I did get my day of freedom yesterday. I didn’t go anywhere. I didn’t even talk to or see anyone other than my husband. I didn’t go on Facebook, and I completely ignored the phone. It was wonderful. I may have to do it more often. I was able to get quite a bit accomplished too; not as much as I would have liked, but definitely enough to call it a good day.
I cleaned out and organized the refrigerator. This always makes me happy and makes me feel like a success in the kitchen, so that was excellent.
I caught up most of the laundry, including putting it away (that’s always the really hard part for me for some reason), and some of the ironing. I am beginning to think that the cats pull clean clothes from the closets and dressers and toss them in the hamper while we’re gone. I think it’s possible; our cats can behave very badly sometimes, and we seem to generate an exorbitant amount of laundry for just two people.
I submitted a poem to an online publication. I had been meaning to do this for about two months, but between procrastination and a fear of rejection I just hadn’t gotten around to it. It’s submitted now. It will be about three months before I hear anything back from them, so now that it’s done I’m trying not to think much about it. Yes, I am aware of the fact that if I’d submitted it when I first decided to I’d only have about another month to wait before hearing from them. Live and learn.
Continuing on the writing front, I organized my partially written posts into folders within my folder on the desk top, and named them appropriately. I will be happier because I can find things now, and my husband will be happier because they’re organized and not all over the desktop. (He has this theory that you shouldn’t save everything to the desktop and that that’s what folders are for.) I also worked on a few posts for later on, though not quite as many as I had hoped.

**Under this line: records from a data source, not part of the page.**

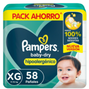 PAÑALES INFANTILES PAMPERS BABY DRY HIPOAL GR X44U.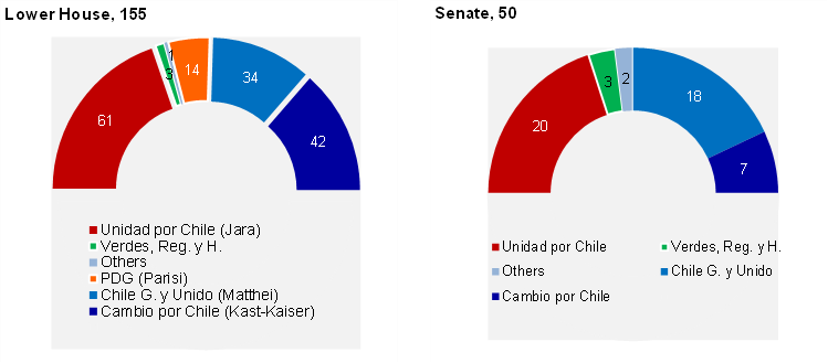 While the presidential race garners the most attention, the composition of Congress is crucial in shaping the next political cycle. The right maintained a sizable share in both houses but did not reach a majority. The two coalitions representing the right obtained a combined 25 spots in the 50-seat Senate, down from its current showing of 27. The governing coalition totaled 20 seats, with the Greens in at 3 seats. Left-leaning independents make up the remaining spots. The 155 seat Lower House saw the political right rising from 73 to 76 spots. The governing coalition dropped from 74 to 61 seats. Greens hold 3 seats. The other significant player is Parisi’s PDG party with 14 seats. With no coalition fully in control of Congress, governing will require negotiation across the political spectrum. To advance constitutional changes a 4/7 majority is required (89 in the House; 29 in the Senate).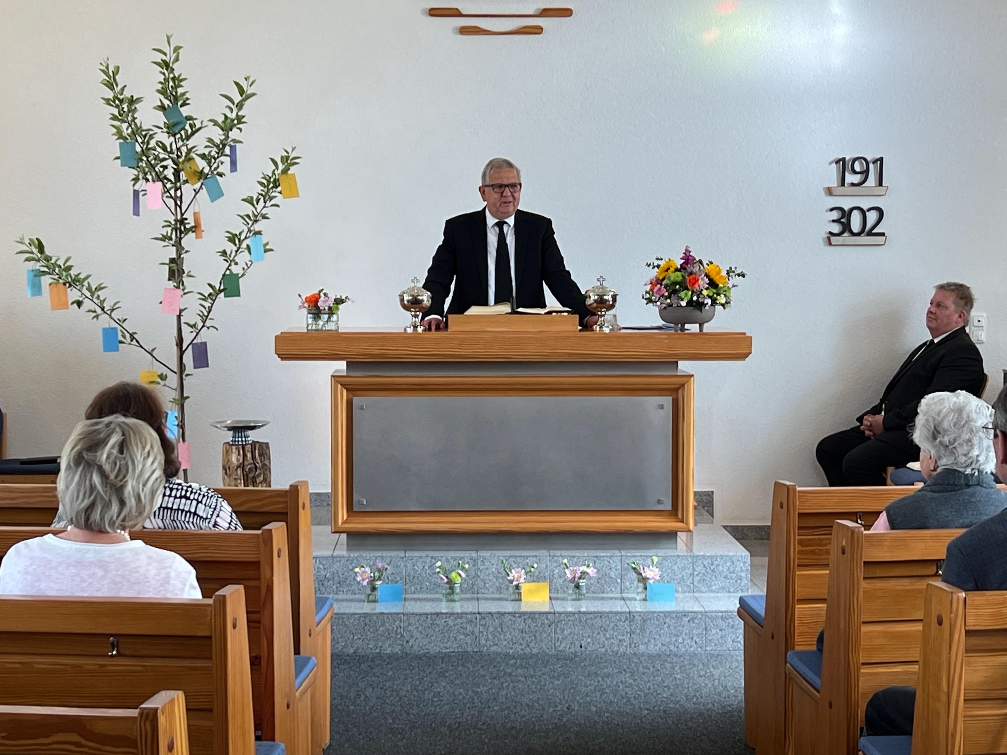 Nach dem Lied des Gemeindechores, „Das Gotteshaus ist unsre Lust und wird es immer mehr.“ (B382) spricht der Vorsteher zu Beginn der Predigt, dass es sich anscheinend auch ohne Gott auch gut leben lässt. Aber was kommt danach? Einfach ausgedrückt: die Erbsünde wird abgewaschen und der Mensch wird von Gott aufgenommen.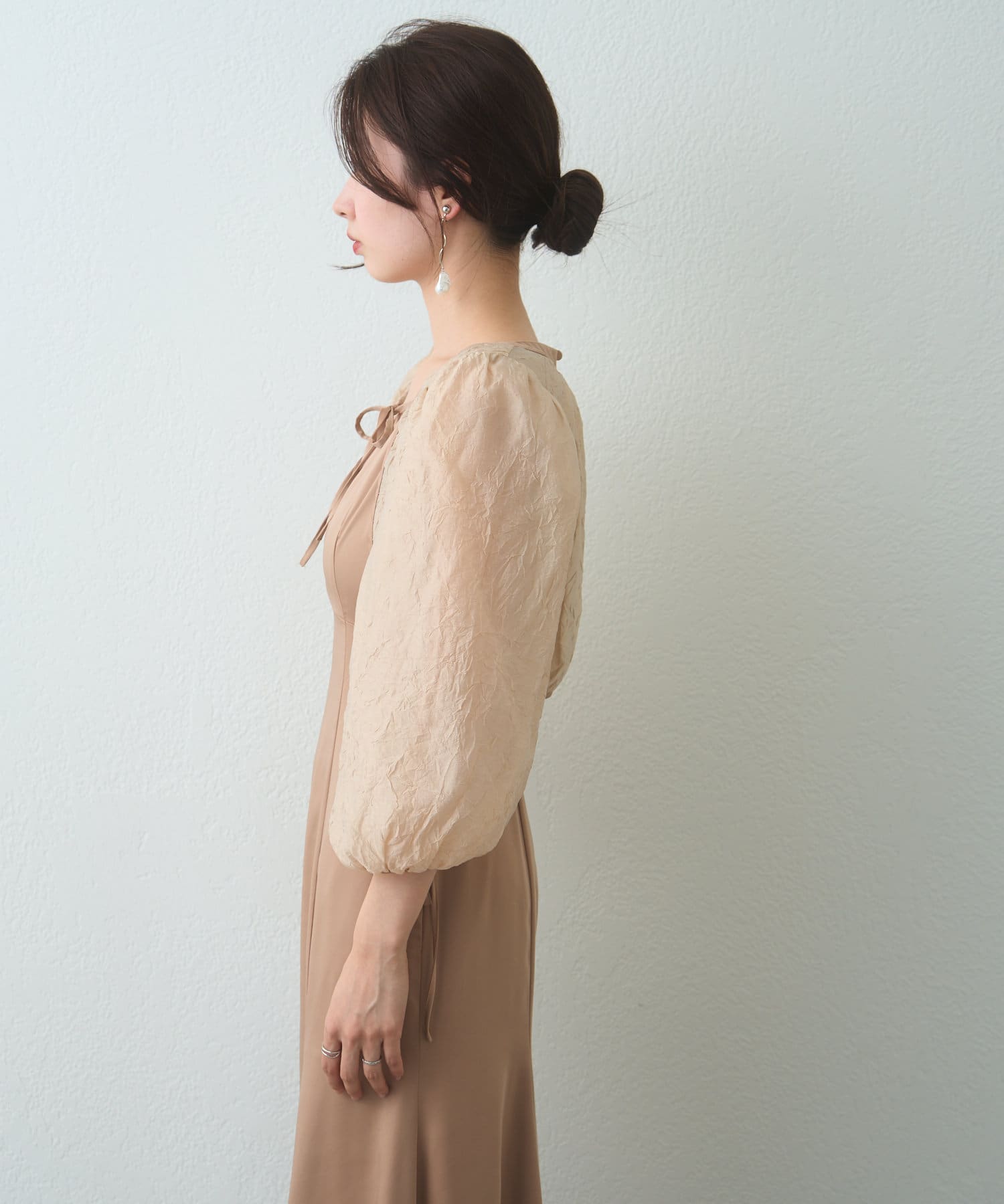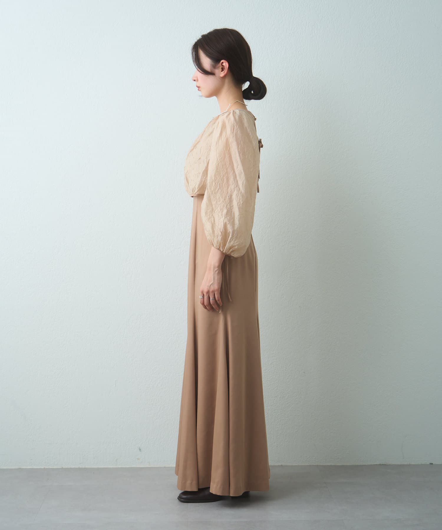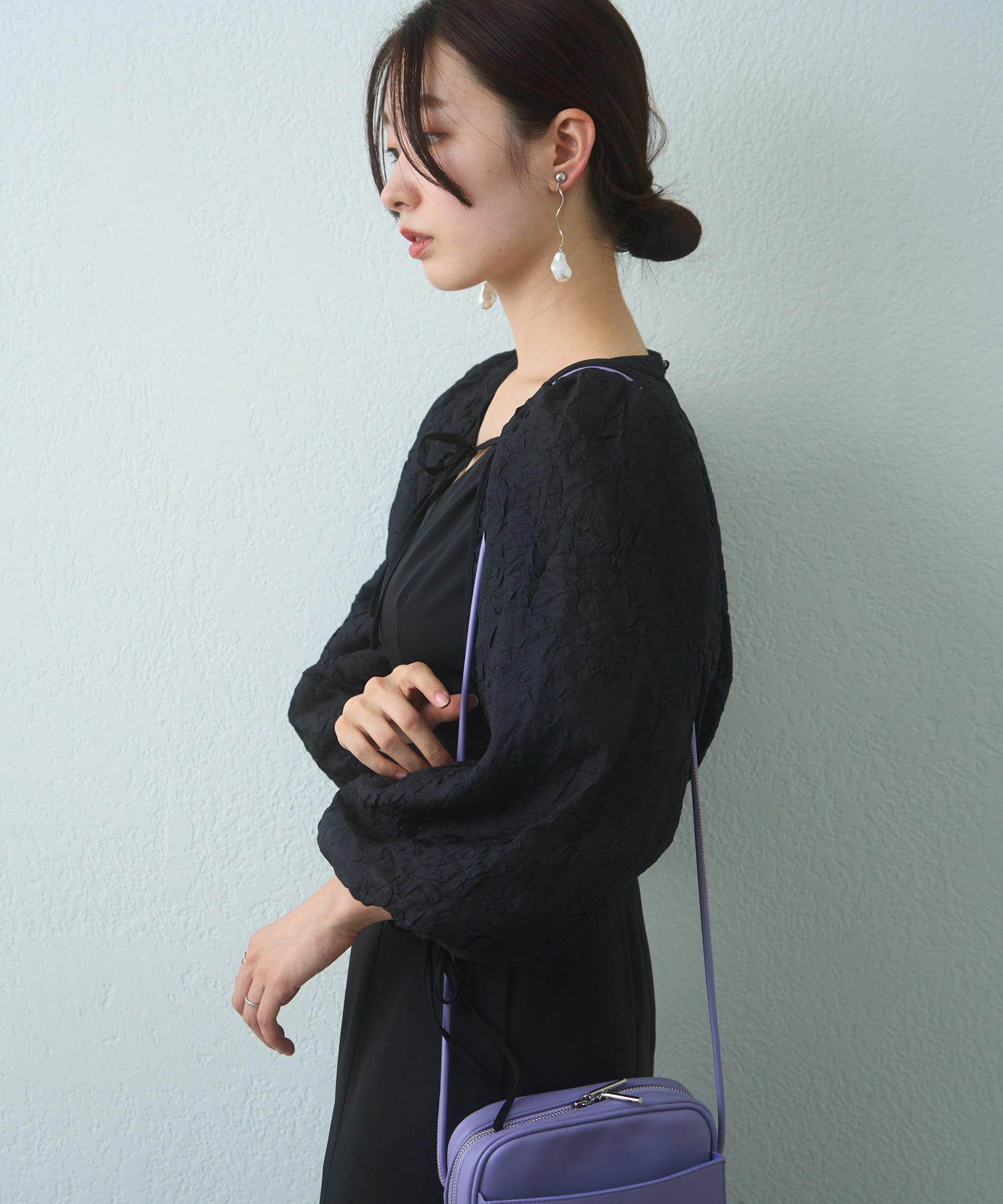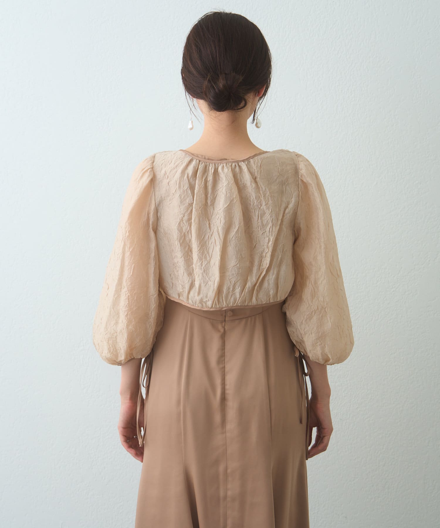 ボレロのリボンを前に、後ろに、ワンピース単品でも着用可能です。

I also scrubbed the kitchen floor; the on your hands and knees with a bucket of soapy water kind of scrubbing, instead of using a mop or Swiffer. I haven’t done this in a while, and let me just say that almost every inch of my body is screaming “WHY??? WHAT WERE YOU THINKING?” today. But the floor looks really, really good.

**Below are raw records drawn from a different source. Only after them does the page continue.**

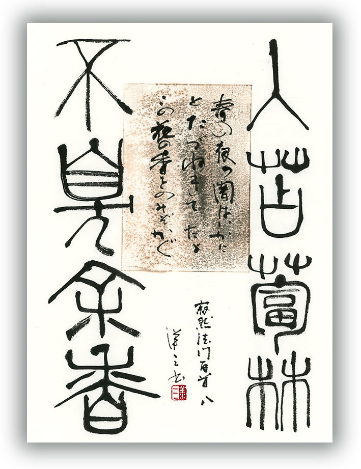 維摩の室を尋ねると仏の功徳のみを聞く。これを、春の夜の闇で梅の香ばかりを嗅ぐという古歌の心より詠んだ。(中略)春の夜の闇の奥に、梅の香りとともに維摩居士が現れる。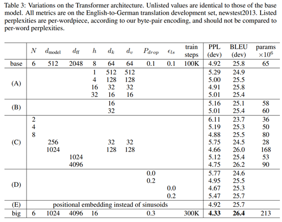除核心的Multi-Head Attention操作外,作者还采用了位置编码、残差连接、层归一化、dropout等操作将输入、注意力、多层感知机连接起来,从而构成了完整的Transformer模型。通过修改encoder和decoder中堆叠的基本模块数量、多层感知机节点数、Multi-Head Attention中的head数量等参数,即可得到BERT、GPT-3等不同的模型结构。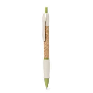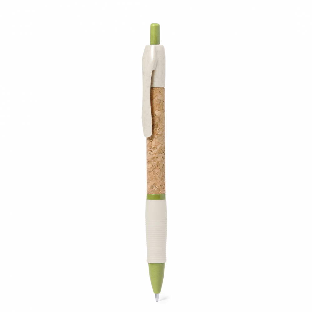 Artikel-Nr: KTO20225004000Kugelschreiber mit Druckknopfmechanik und Naturkorkschaft. Clip, Spitze und Druckknopf aus Weizenrohr. Erhältlich in einer Reihe von Farben. Abzeichen aus Weizenstroh auf der Oberseite des Stiftes. Mit blauer Tinte. Hergestellt aus pflanzlichen Bestandteilen, um die Verwendung natürlicher Rohstoffe zu fördern und Schadstoffemissionen zu reduzieren.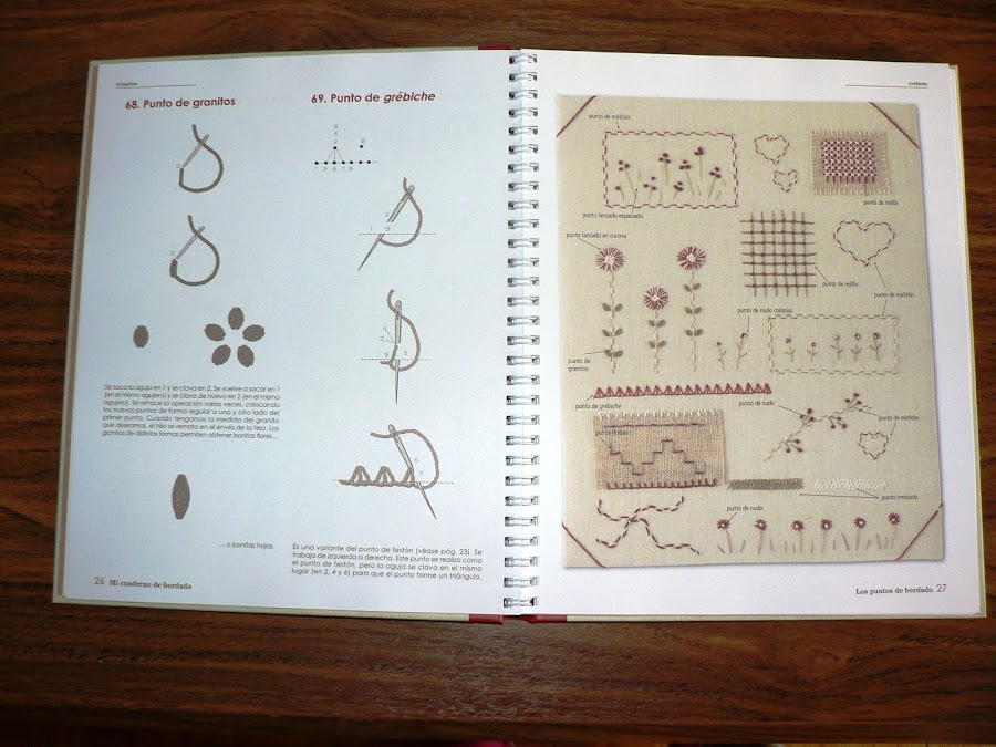 Yo imagino que el diseñador del libro quiso ponerle espiral para que pareciera un cuaderno cuando lo abres dado el título. Pero a lo mejor una espiral por fuera parecía de poca calidad. Así que por fuera una cubierta más tradicional. Pero claro, si la espiral era grande, el libro no quedaría plano, parecería un bloc de anillas vacío. Por lo que escogieron la espiral más pequeña que pudieron. Pues sabéis qué? Que la experiencia para el usuario es nefasta! En mi opinión como usuaria, deberían haber dejado una espiral más grande aunque se viera por fuera. Es lo más cómodo, podrías girar las páginas como en una libreta y sería más fácil tener el libro contigo mientras bordas.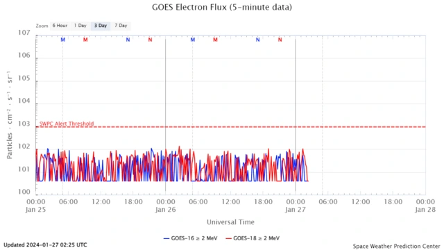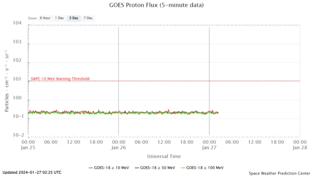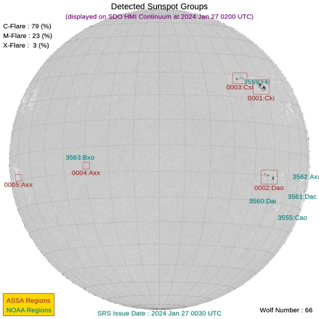 現時点で地球正面の黒点群はありません。←黒点番号が振られていない活動領域でもフレアは発生しますので、あくまで目安として捉えてください。

The floor scrubbing was good too because, being a mindless activity that kept my hands busy, it gave me time to think about some things. As I mentioned Tuesday, I’ve been edgy and snappish lately, so I spent the time trying to figure out some solutions. I concluded that at least part of the trouble is that I’ve lapsed into a very disorganized state. I am happiest when I know what I’m making for dinner every (or at least most) night for the week, when my work clothes are laid out the night before, and when things are just generally well-organized and planned. This hasn’t been happening lately. I’m not entirely sure why, but I suspect it’s due to a combination of poor time management and a general lack of organization.

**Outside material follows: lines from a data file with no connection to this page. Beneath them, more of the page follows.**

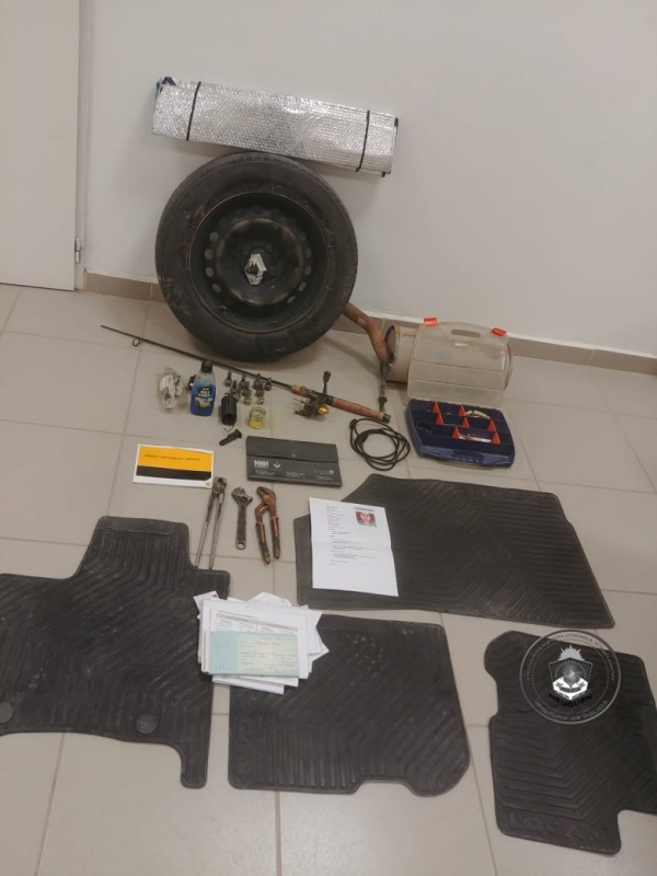 Al ingresar, encontraron «diez tuercas de seguridad para ruedas, una chequera, una caja de pesca, herramientas varias» y repuestos de un vehículo Renault Logan. Agregaron que también se halló «documentación a nombre del damnificado, cuatro alfombras, una caña de pescar, un caño de escape y una cubierta marca Bridgestone».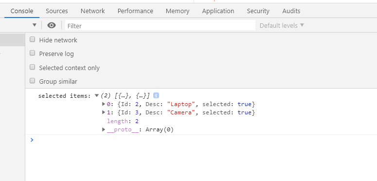 There was an issue with the initial release of this control which was not passing objects values in items array. This was fix as part of Release 1.1.18.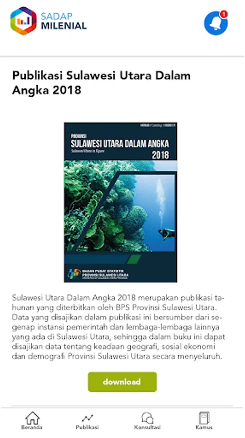 An application that is useful for helping millennials get to know more about statistical data in North Sulawesi Province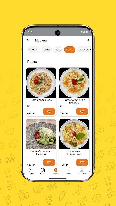 Uygulamayı indirin, kaydolun ve sadece birkaç tıklamayla yemeğiniz size ulaşsın. Uygun bir teslimat saati ve tercih ettiğiniz ödeme yöntemini seçebilirsiniz. Yemek pişirmeyi unutun - sadece rahatlayın ve en lezzetli yemeği bekleyin.

I found some great articles on organization with some tips and ideas that I plan to try, and I’m working on a plan for getting some things organized. I’ll probably be writing more about that later.
The time management part is harder. I seem to have a pattern of saying yes to everything I’m asked to do or participate in, getting burned out that way, and then saying no to everything. I’m still working on a solution for this one. Most of the things I commit to seem important at the time, so I’m having a hard time figuring out what to say no to. How do you prioritize? Do you have a daily/weekly/monthly limit for things you’ll commit to? Do you have any suggestions at all for better time management?
I also came to the realization that I spend (okay, waste) a lot of time every week on Facebook and talking on the phone. I realize that not all phone conversations are a waste of time, and there are definitely people that I need and want to talk to. I need to stop answering my phone any and every time it rings and staying on the phone until the other person needs to go. I plan to start utilizing voicemail and prioritizing whether or not a call needs to be returned immediately, based on the voicemail and what I’m currently trying to accomplish. And I think I’m going to start setting serious limits for my time on Facebook. I’m also considering whittling down my friends list. Have any of you tried this, or had success in limiting phone and Facbook time?
I hope you all had a safe, wonderful, and happy Fourth of July.